* [Task objective]: The result should be an exact copy of only the lines from the one with "Figur i porcelæn" through the last line of the data below, with pictures omitted.

* [Available data]:
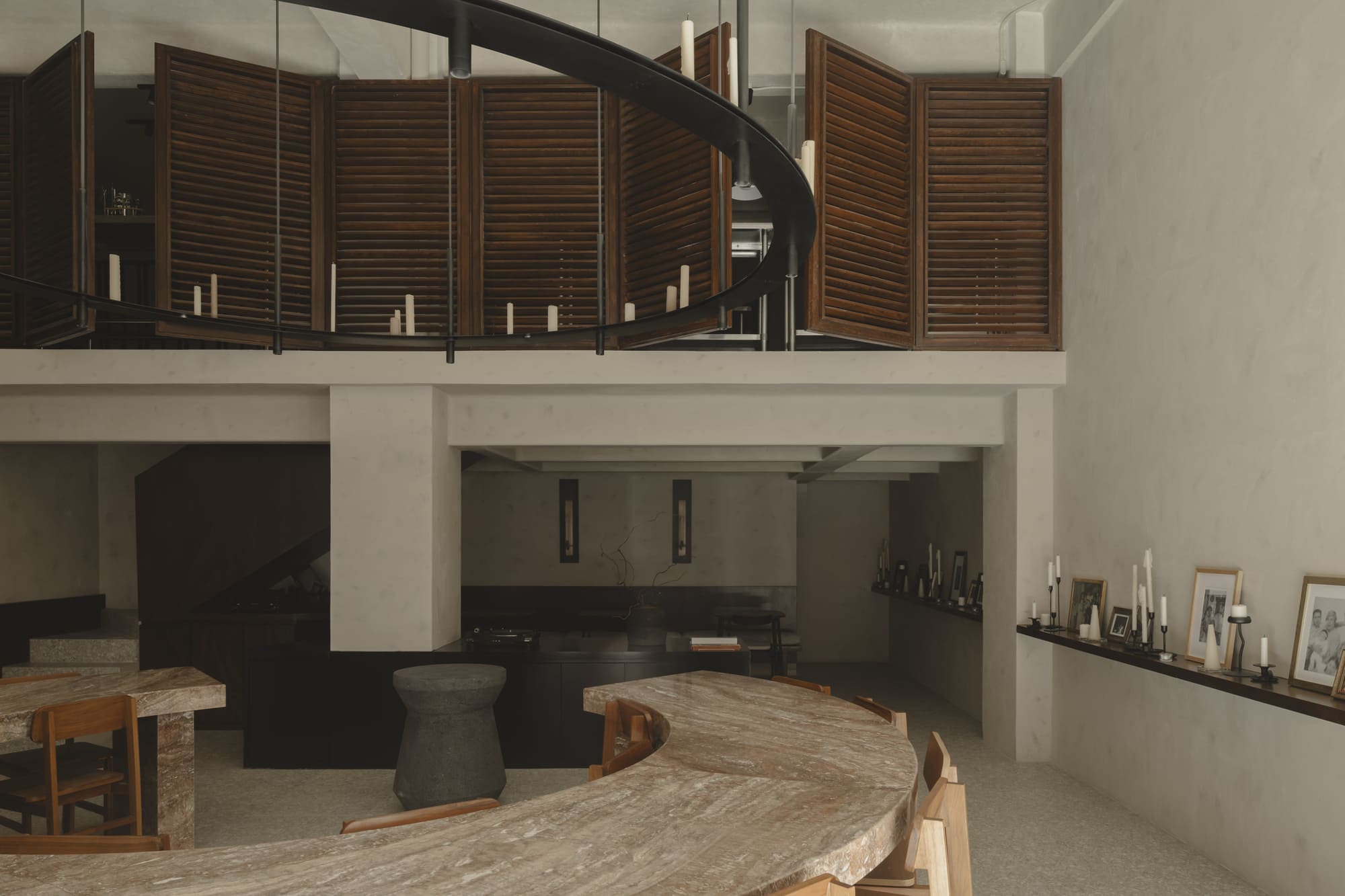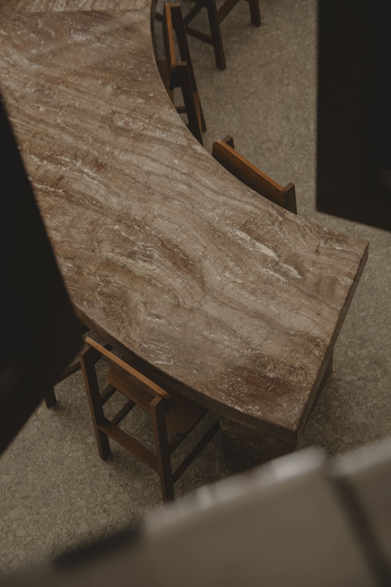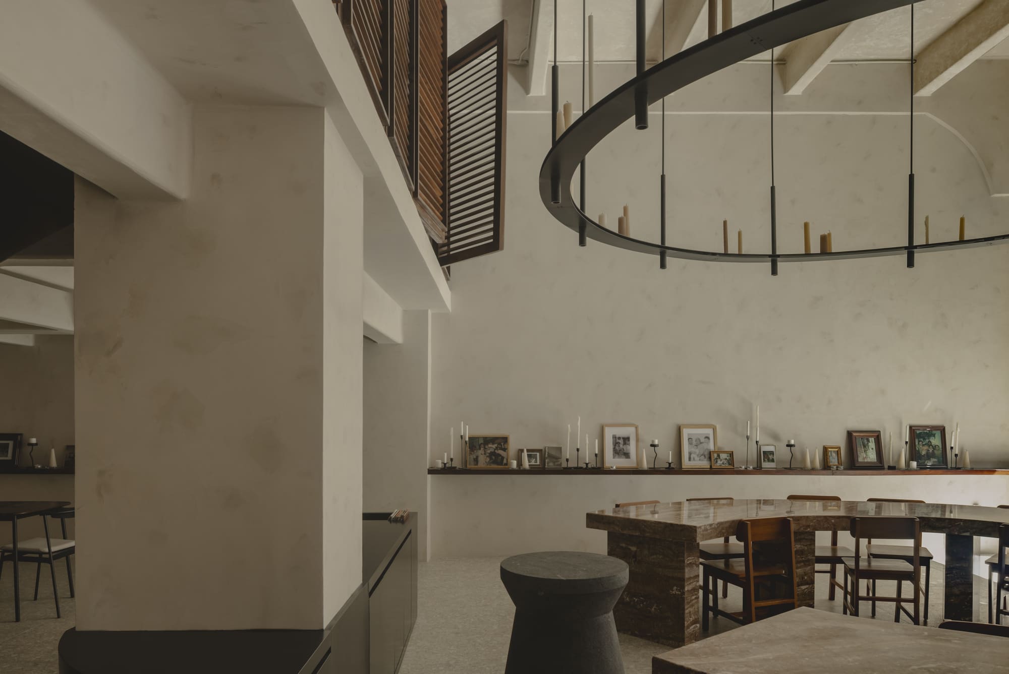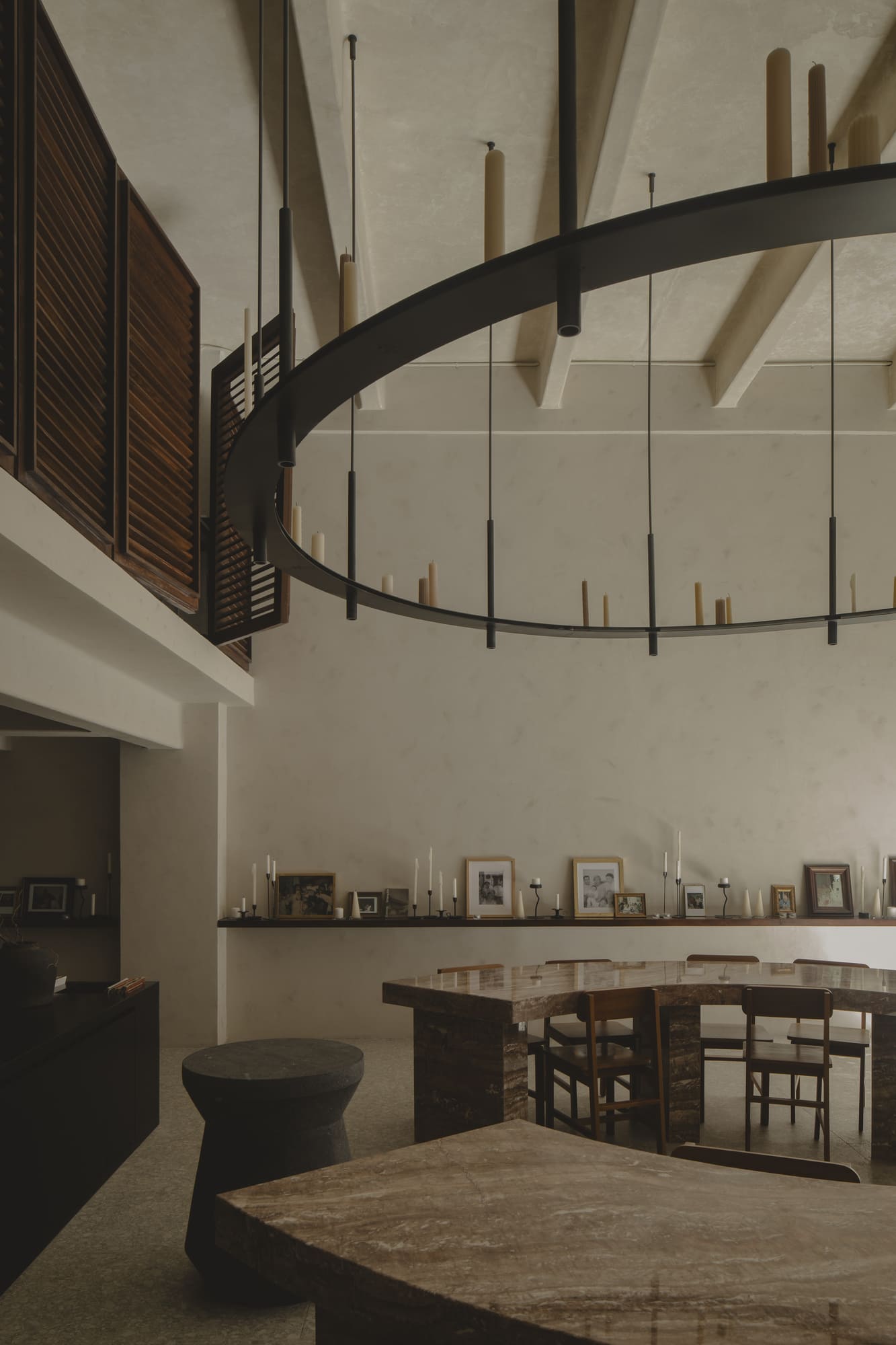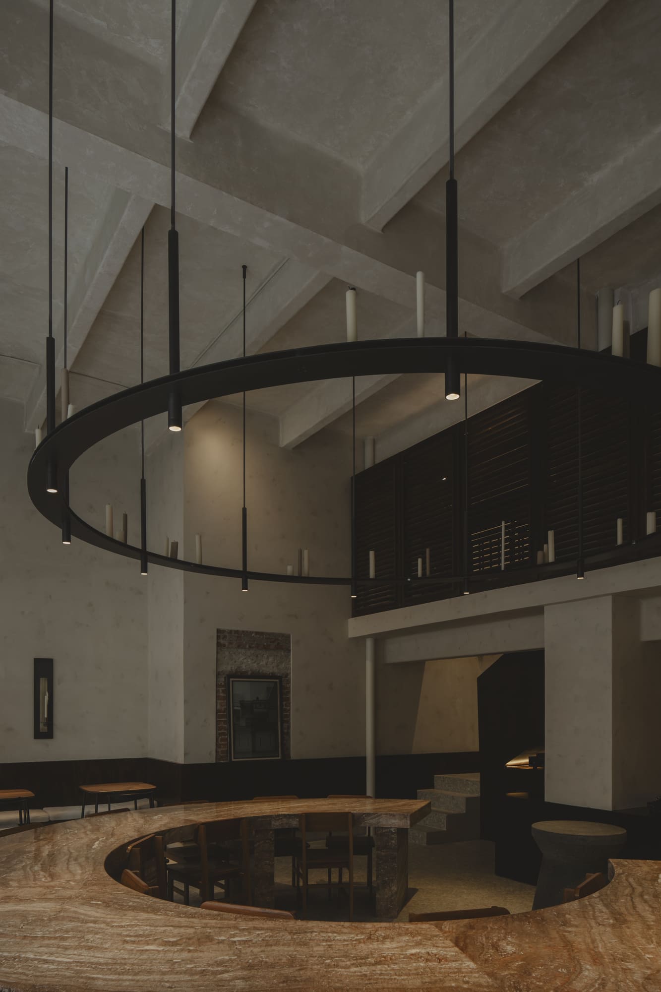 From this idea came the communal table—not as a simple piece of furniture, but as a sculptural and symbolic gesture that defines the heart of the restaurant. The red marble table not only organizes the space but also becomes a ritual axis: a meeting point and dialogue that condenses the gastronomic and architectural proposal. Around it, a totem closes the circle and acts as a piece imbued with meaning, open to being inhabited as both symbol and ritual.
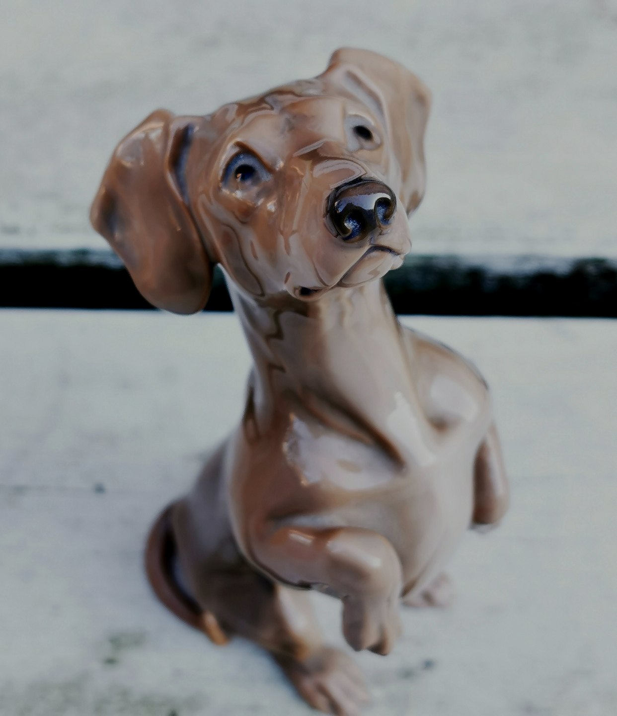 Figur i porcelæn af Dahl Jensen for Bing & Grøndahl: "Tiggende gravhund" stående på bagben. Fremstår i perfekt stand. 1. sortering. H. 19 cm. Fabriksmærket på bunden. Modelnummer 1603.
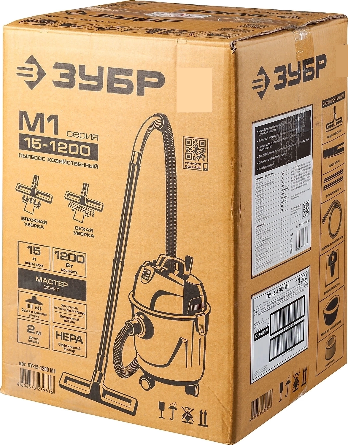 Хозяйственный пылесос ЗУБР М1, 15 л, 1200 Вт

* [Response box]:
 Figur i porcelæn af Dahl Jensen for Bing & Grøndahl: "Tiggende gravhund" stående på bagben. Fremstår i perfekt stand. 1. sortering. H. 19 cm. Fabriksmærket på bunden. Modelnummer 1603.
 Хозяйственный пылесос ЗУБР М1, 15 л, 1200 Вт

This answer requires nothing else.